In spiral gears, the teeth have curved lines to maintain a good contact ratio. They are more efficient than the straight bevel gears. Besides, they do not generate high vibration and noise. 

Zerol bevel gears are known to have features of straight as well as sprial design. They are trademarked design by Gleason Co. These gears are designed in such a way that teeth can rotate freely in any direction. The zero twisting angle makes it easier for them to move like this. 

Another bevel gear is a miter with a 90-degree shaft, which can transmit power change despite no impact on the speed. Lastly, crown gears/face gears are designed at the right angles. They are used in printing presses, railways, automobiles, power plants, and marine applications.

Helical Gears 

With angularly positioned teeth, helical gears have a non-parallel slanted tooth trace. Due to multiple teeth in transmission, helical gears are good for carrying heavy loads. Also, they make less noise as there is minimal vibration and friction during transmission. 

You can choose from various types of helical gears– single, double or herringbone. Single gears have either a left-hand or right-hand helix. Double gears have two identical helical faces in opposite directions. Using double gear helps in better transmission due to higher efficiency and lower friction. 

Another type is the herringbone gear, where two gears are joined without any spaces in between. These are great for shock absorption in machines. 

Rack and Pinion

This gear mechanism converts linear motion to rotational motion or vice versa. So, it’s ideal for applications like steering systems. They are present in pairs with two circular gears. Conventionally, straight or helical gears make up rack and pinion gears. 
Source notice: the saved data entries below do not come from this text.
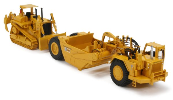In 1969, Caterpillar added the “Push-Pull” version offering the ability to tandem a pair of 657Bs to put 1900hp to the cutting edge of each single machine to increase production rates. As for the 651B, it had a single 550hp Caterpillar D346 diesel engine producing a top speed of 34mph. It is no surprise that CCM has chosen to produce exacting 1:48th scale replicas of the 651B & 657B motor scrapers, each packed with superb detailing and functionality.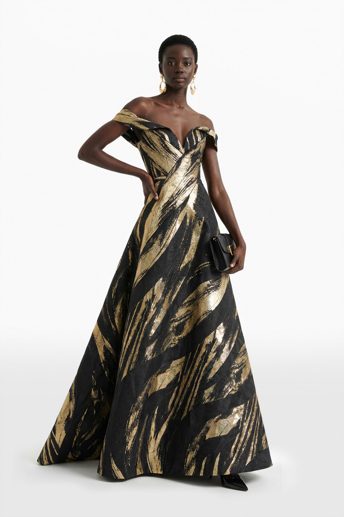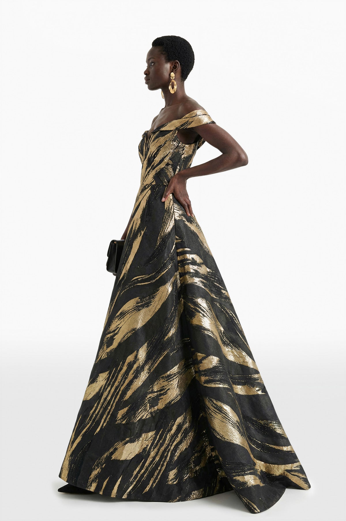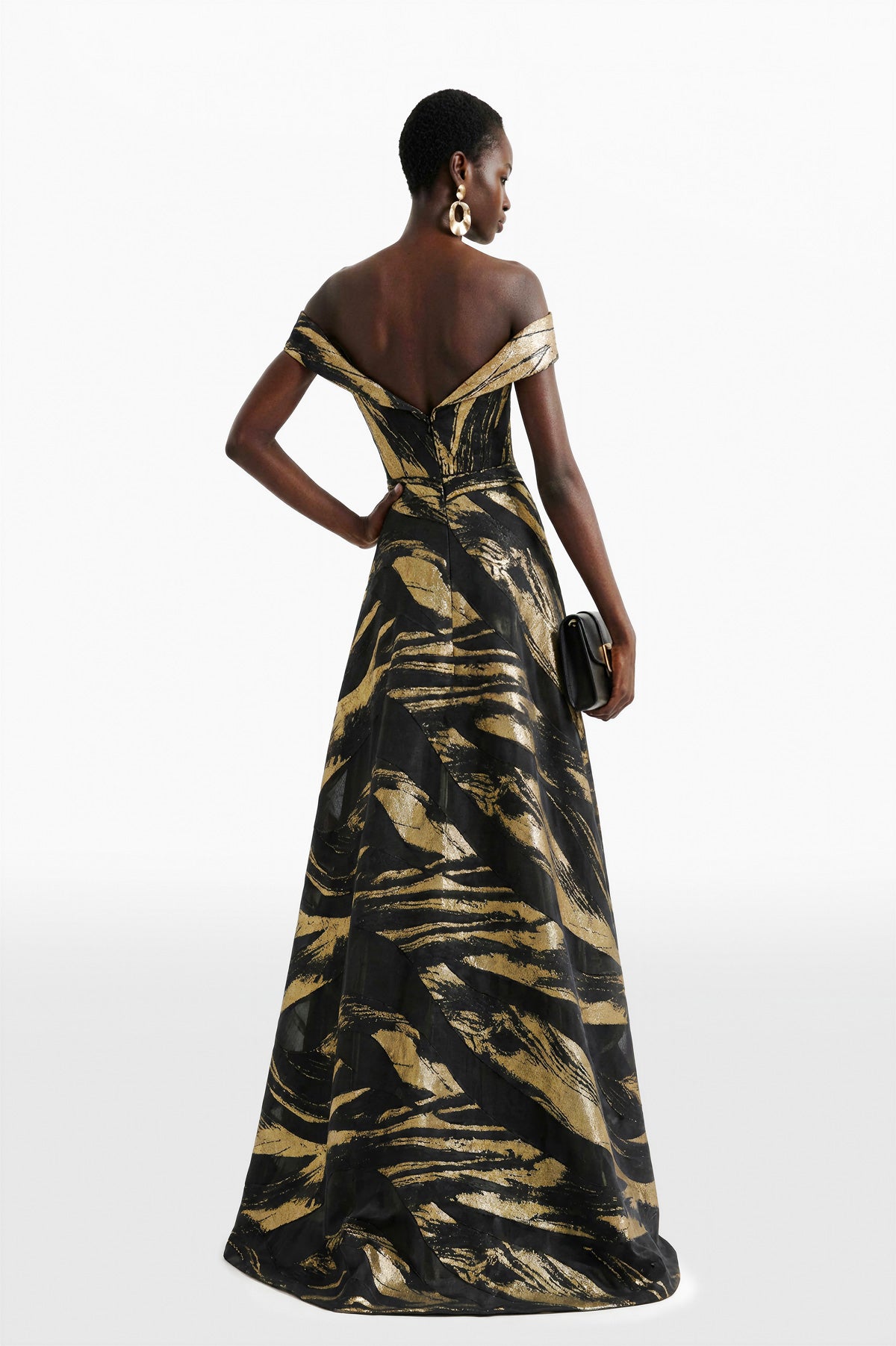 فستان مكشوف الكتفين من البروكار المهيكل، يتميز بزخارف ذهبية معدنية جريئة على قاعدة سوداء داكنة. خط العنق المنحوت على شكل قلب مع تفاصيل الكتف المطوية يحيط بالصدار، ويتميز بخصر ضيق قبل أن ينفتح إلى تنورة واسعة وكاملة.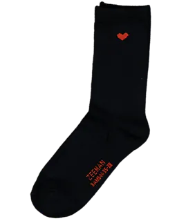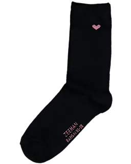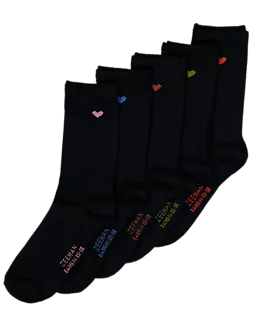 Este set de cinco calcetines negros está hecho de algodón, poliéster y elastano. Gracias al tejido suave y ligeramente elástico, los calcetines son cómodos y se ajustan bien. Cada par tiene un pequeño corazón de color en el lateral. Son aptos para usar todos los días, tanto con zapatillas deportivas como con otros zapatos.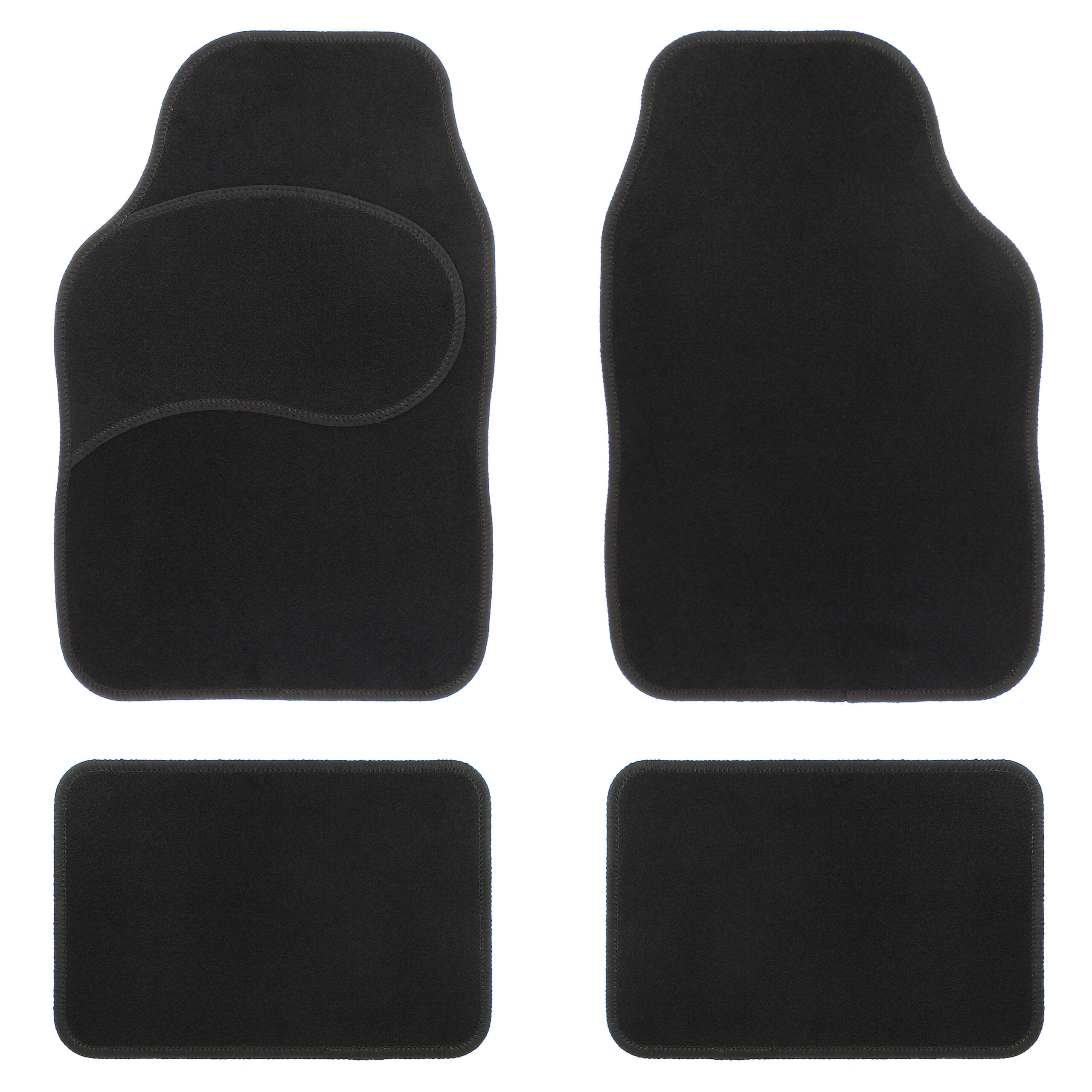 Pack universal de 4 alfombrillas de moqueta con detalle de linea, en un solo acabado para hacer posible la protección del suelo de tu coche. Este conjunto esta formado por dos alfombrillas delanteras y dos alfombrillas traseras. Con estas alfombrillas podrás evitar que tu vehículo se ensucie de forma constante así como podrás darle un toque personal.
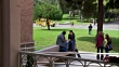 MEDIUM ANGLE. TWO STUDENTS ON BENCH TALKING BY SIDE OF BRICK BUILDING. OTHER HIGH SCHOOL STUDENTS WALKING AROUND. TREES ON GRASS BEHIND THEM. LITTLE SCHOOL BUS AT INTERSECTION IN BG.<P><A HREF="HTTPS://WWW.SONYPICTURESSTOCKFOOTAGE.COM/FOOTAGE?KID=4365">FOR DAY-NIGHT MATCHING SHOTS, CLICK HERE.</A><P>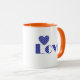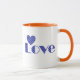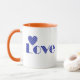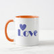 Fun, Elegant Blue Checkered Heart, "LOVE" Pattern Mug

The rack and pinion gear work with a pinion/spur gear and a tooth rail to cause the movement. There is a continuous sliding motion leading to the gear rotation. They are used in automobiles’ steering systems.

Planetary Gearboxes

As the name suggests, planetary gearboxes have internal gears called sun and planets. The sun is in the middle of the gearbox, and it rotates other planets. This movement causes the large internal gear to move and cause motion in the machine. 
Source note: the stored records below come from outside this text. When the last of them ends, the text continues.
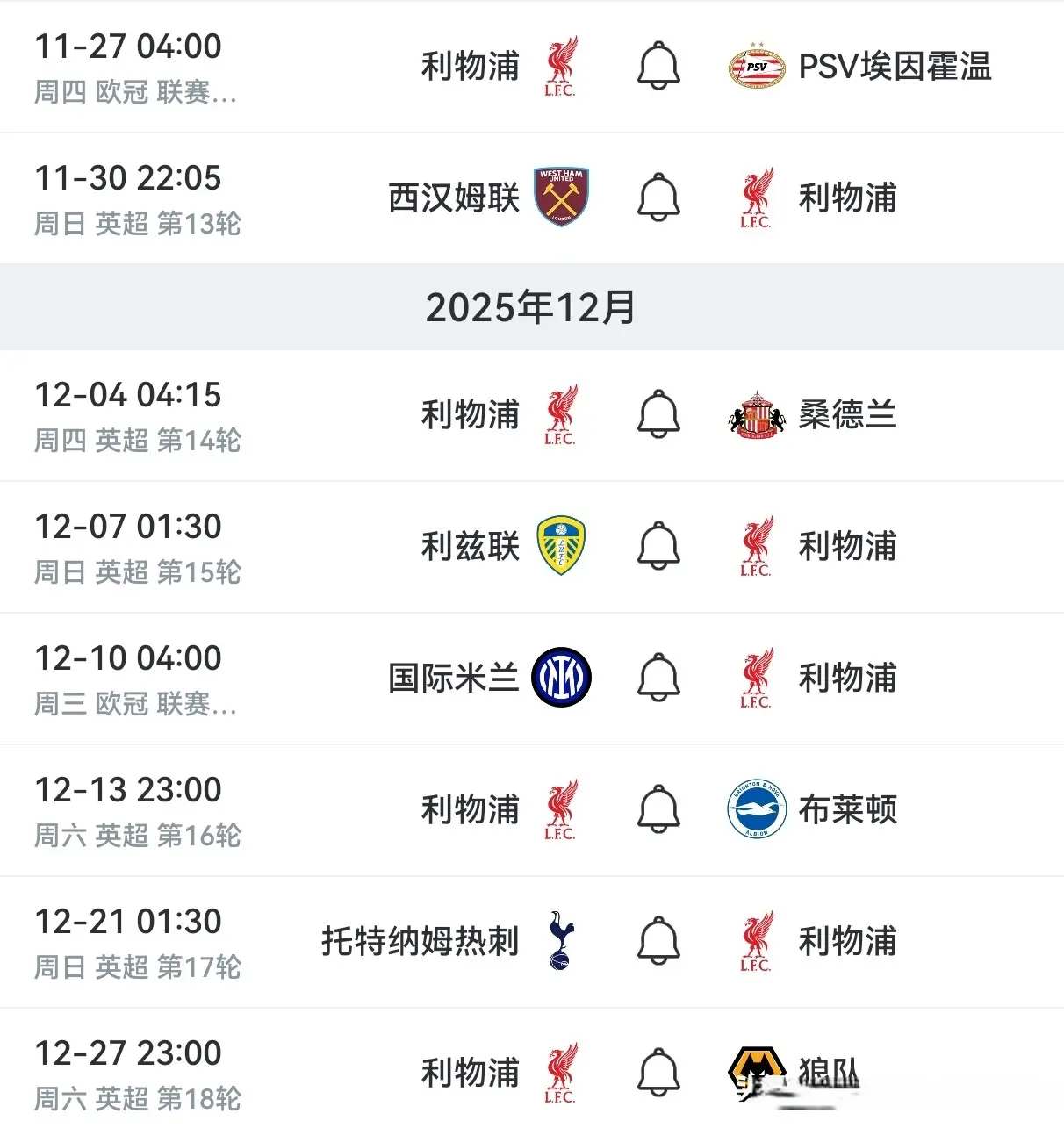 接下来利物浦队的赛程并不算特别困难,在此期间的8场比赛中,除欧冠对阵国米、英超对阵热刺外,其他球队实力都不算太强。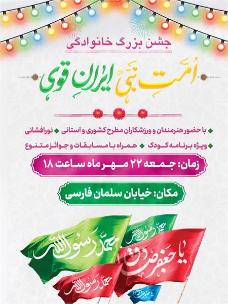 بصیرت نو خوزستان : به گزارش روابط عمومی اداره کل فرهنگ و ارشاد اسلامی خوزستان، همزمان با سالروز ولادت با سعادت پیامبر اکرم صلیالله علیه و آله وسلم و امام جعفر صادق علیه السلام، با همکاری دستگاههای مختلف اداری و فرهنگی استان جشن بزرگ خانوادگی «امت نبی، ایران قوی» در خیابان سلمان فارسی (نادری) اهواز برگزار میشود.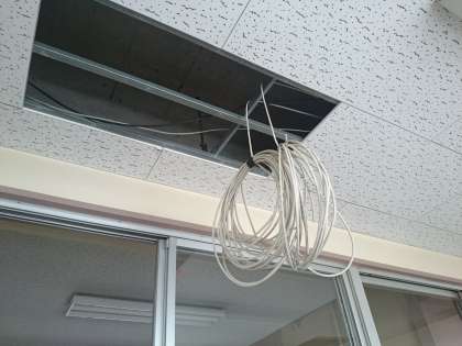 校内LANの配線工事 公開日 2014/08/14 更新日 2014/08/14 その他の教育活動 各教室からネットにつなげられるように有線LANの工事をしています。10月から使えるように準備を進めています。(8月14日)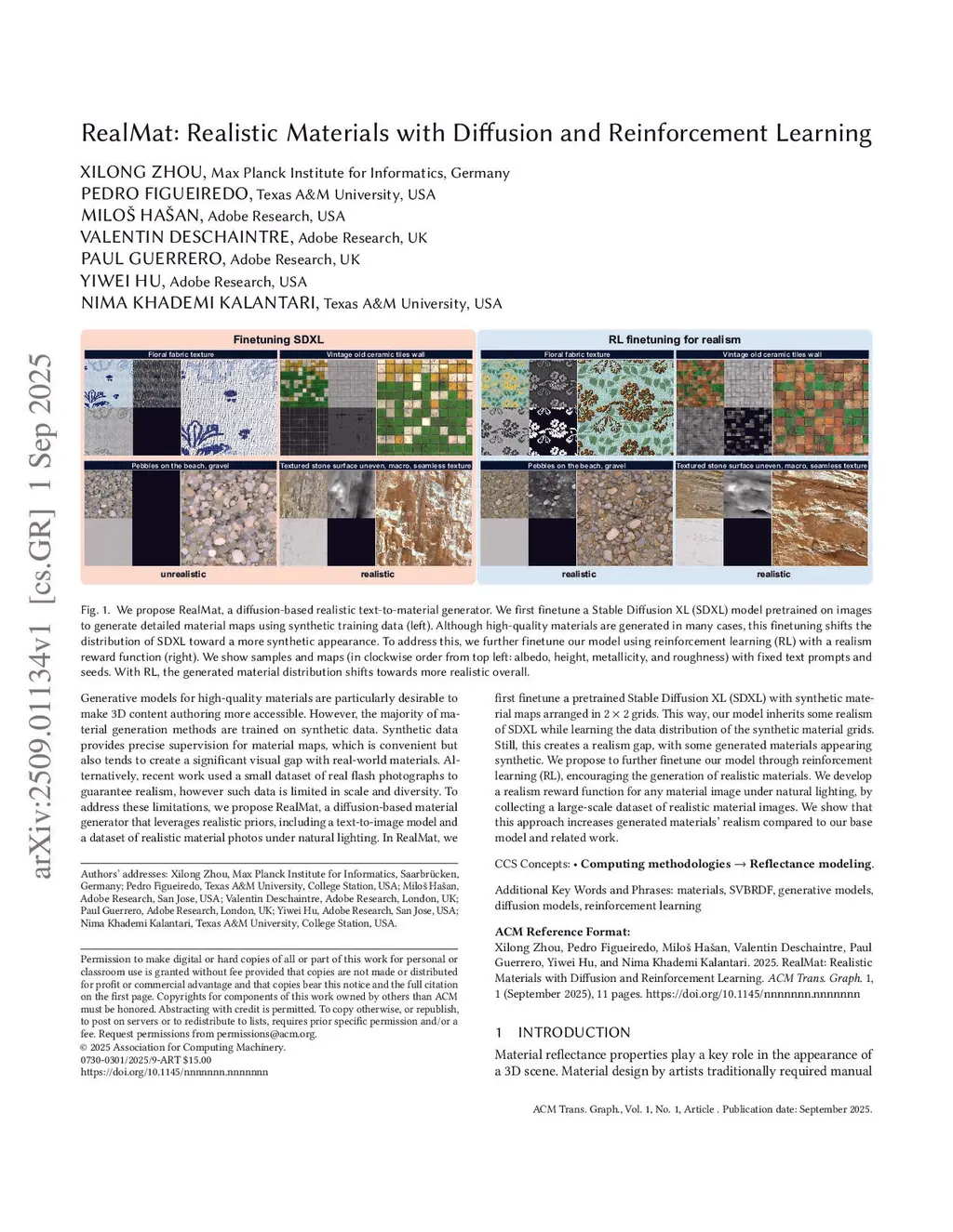 RealMat: Realistic Materials with Diffusion and Reinforcement Learning

Appropriate lubrication is necessary to ensure all the gears move smoothly. Planetary gearboxes are efficient enough for large force requirements. They may also help in large gear reductions when the space is limited. 

Worm Gears

Worm gears are driven by a screw on the shaft, called the worm, and the mating gear called the worm wheel. The gear rotates on a different plane perpendicular to the worm. Each rotation of the worm makes the gear rotate one tooth. 

This implies the gear ratio here is N:1, N being the number of teeth in the gear. Worm gears tend to be less efficient in speed, but they can gradually increase the torque in the system. 
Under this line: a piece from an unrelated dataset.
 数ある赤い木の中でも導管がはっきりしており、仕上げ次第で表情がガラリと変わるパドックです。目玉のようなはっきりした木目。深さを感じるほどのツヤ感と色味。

There is a non-intersecting transmission with a sliding contact. The movement is smooth due to less friction. So these gears are not noisy. Another design element to note is that worm gears are linear instead of common circular designs. 

Cage-Peg Gears

Cage-peg gears are usually fashioned with wooden materials and dowels. They are easier and cheaper to make than their metallic counterparts. These gears transmit force into the perpendicular axis and, hence, do not offer much speed. A cage can act like different gears, such as worm gear with dowels and teeth. 

The pegs in these gears work as teeth that are connected to a small disc. These pegs connect with other pegs from different gear to work as a unit. One benefit of cage and peg gear is that it can work from either end as the pegs move in both directions. 

Mutilated Gears 

Some machine designs may call for mutilated gears where the tooth does not extend completely around the pitch circle. If the full 360-degree rotation does not occur, mutilated gears with a lesser number of teeth can be added. 

This is ideal when the machinery is not required to move continuously. The presence of teeth on one side of the gear and the empty side on the other side will lead to pulses of motion, making the shaft work at consistent breaks.

Non-Circular Gears

The fascinating thing about non-circular gears is their interesting shape. Their diameter is not the same in all areas. So, when they rotate, the shape of the gear changes, leading to different rotating speeds at all times. These are rarely used but may add to unique machine functions where two axes need a non-circular gear. 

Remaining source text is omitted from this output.